If Wishes Could Kill S1E02 Review: Se-ah learns the app wants witnesses as much as victims
Girigo's second attack drags schoolyard grief through a cruel group test, and Se-ah answers before she can breathe.
Episode 2 of If Wishes Could Kill begins with the most normal kind of teenage evil: gossip in a hallway. Before Girigo gets its claws into anyone, Yoo Se-ah is already being turned into a rumor, a curse, a girl whose dead parents become cafeteria folklore. The show knows that horror does not need to arrive from nowhere when high school has already built a little theater for cruelty. By the time blood hits the classroom floor again, the supernatural app feels less like an intruder than a monster that studied the students and learned their worst habits.
Se-ah was haunted before Girigo found her
The episode’s opening flashback is deceptively sweet because it lets us meet the friend group before the curse has fully rearranged them. Se-ah arrives under a cloud of gossip: her parents died by suicide, her aunt adopted her, and the other students whisper that maybe she had something to do with it. It is ugly, but it is also casual. No one delivers it like a grand accusation. They toss it around with the bored confidence of kids who have never had to carry the story they are repeating.

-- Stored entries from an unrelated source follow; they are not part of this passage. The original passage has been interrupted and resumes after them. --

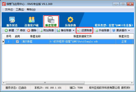 本文以“信管飛RMS軟件”為例,示范如何還原備份賬套數據。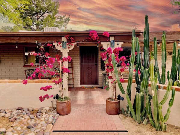 A thoughtfully curated 1600 sq ft home with 3 bedrooms and 2 bathrooms on a beautifully landscaped corner lot. Two separate living rooms, full kitchen, three dining areas, covered front porch, seasonal hot tub, bike port and a covered back patio with mountain views of Mt Lemmon.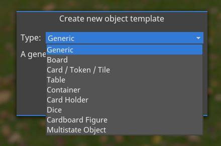 Go ahead, make a table - eight traditional models are built in. I didn't get a screenshot of it, but meeples are built-in to the program (take that, Tabletop Simulator!).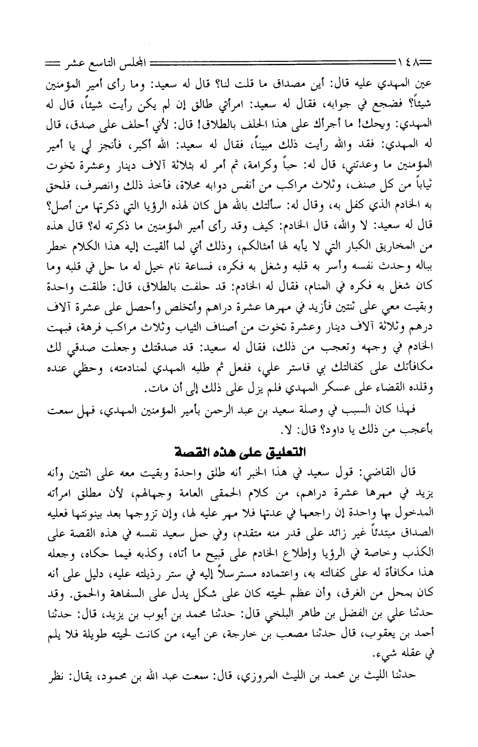 عين الْمهْدي عَلَيْهِ قَالَ: أَيْنَ مصداق مَا قلت لَنَا؟ قَالَ لَهُ سَعِيد: وَمَا رَأْي أَمِير الْمُؤمنِينَ شَيئًا؟ فضجع فِي جَوَابه، فَقَالَ لَهُ سَعِيد: امْرَأَتي طَالِق إِن لَمْ يكن رأيتَ شَيئًا، قَالَ لَهُ الْمهْدي: وَيحك! مَا أجرأك عَلَى هَذَا الْحلف بِالطَّلَاق! قَالَ: لِأَنِّي أَحْلف عَلَى صِدْق، قَالَ لَهُ المهديُّ: فقد وَالله رَأَيْت ذَلِكَ مُبينًا، فَقَالَ لَهُ سَعِيد: اللَّه أكبر، فأنجز لي يَا أَمِير الْمُؤمنِينَ مَا وَعَدتنِي، قَالَ لَهُ: حُبًّا وكرامة، ثُمَّ أَمر لَهُ بِثَلَاثَة آلَاف دِينَار وَعشرَة تخوت ثيابًا من كلّ صنف، وَثَلَاث مراكب من أنفس دوابّه مُحلاة، فَأخذ ذَلِكَ وَانْصَرف، فلحق بِهِ الْخَادِم الَّذِي كفل بِهِ، وَقَالَ لَهُ: سألتُك بِاللَّه هَلْ كَانَ لهَذِهِ الرُّؤْيَا الَّتِي ذكرتَها من أصل؟ قَالَ لَهُ سَعِيد: لَا وَالله، قَالَ الْخَادِم: كَيْفَ وَقد رَأَى أَمِير الْمُؤمنِينَ مَا ذكرتَه لَهُ؟ قَالَ هَذِهِ من المخاريق الْكِبَار الَّتِي لَا يأبه لَهَا أمثالكم، وَذَلِكَ أَنِّي لمّا ألقيت إِلَيْهِ هَذَا الْكَلَام خطر بِبَالِهِ وَحدث نَفسه وَأسر بِهِ قلبه وشغل بِهِ فكره، فساعة نَام خُيِّل لَهُ مَا حَلَّ فِي قلبه وَمَا كَانَ شغل بِهِ فكره فِي الْمَنَام، فَقَالَ لَهَ الْخَادِم: قَدْ حلفتَ بِالطَّلَاق، قَالَ: طلقت وَاحِدَة وَبقيت معي عَلَى ثِنْتين فأزيدُ فِي مهرهَا عشرَة دَرَاهِم وأتخلّص وأحصل عَلَى عشرَة آلَاف دِرْهَم وَثَلَاثَة آلَاف دِينَار وَعشرَة تخوت من أَصْنَاف الثِّيَاب وَثَلَاث مراكب فرهة، فبهت الْخَادِم فِي وَجهه وتعجّب من ذَلِكَ، فَقَالَ لَهُ سَعِيد: قَدْ صَدَقْتُك وَجعلت صِدقي لَك مكافأتك عَلَى كفالتك بِي فاسْتُر عليّ، فَفعل ثُمَّ طلبه المهديُّ لمنادمته، وحَظِيَ عِنْدَهُ وقَلّده القضاءَ عَلَى عَسْكَر المهديّ فَلم يزل على ذَلِكَ إِلَى أَن مَاتَ.

That makes Kim Geon-woo matter immediately. He is loud, awkward, and embarrassingly earnest, calling Se-ah a future long-jump champion and volunteering himself as training partner before she has any real reason to trust him. Lim Na-ri swats at him, Kang Ha-joon gets introduced as the homework brain, and Choi Hyeong-wook makes his entrance through the goofiest possible bit: a skeleton sidekick presented like a loyal lieutenant. The scene is goofy enough to breathe, but not so goofy that it forgets what it is doing. It shows why losing Hyeong-wook hurts: he belonged to the strange little welcome committee that made Se-ah’s new life survivable.
The present-day aftermath refuses to glamorize that loss. The police settle on suicide fast, the teacher asks for the situation to be handled quickly for the other kids, and Se-ah is left in bloodstained clothes asking to go to her locker. There is no dramatic slow-motion grief bath here. There is bureaucracy, shock, and a girl trying to stand upright while everyone else files the event under a label that fits in a report.
Her birthday scene with Hyeong-wook lands because it gives the episode a smaller grief to sit beside the big one. He is sulking because she cannot come to his party. She brings him a present anyway. He admits that he got a strange call from her number, with a voice like hers mocking him with the others. He believed it for a moment and now feels stupid. In a weaker version of this story, the fake-voice reveal would play like a tech gimmick. Here, it plays like a teenage nightmare with Wi-Fi: the fear that your friends secretly say the worst possible thing about you the second you leave the room.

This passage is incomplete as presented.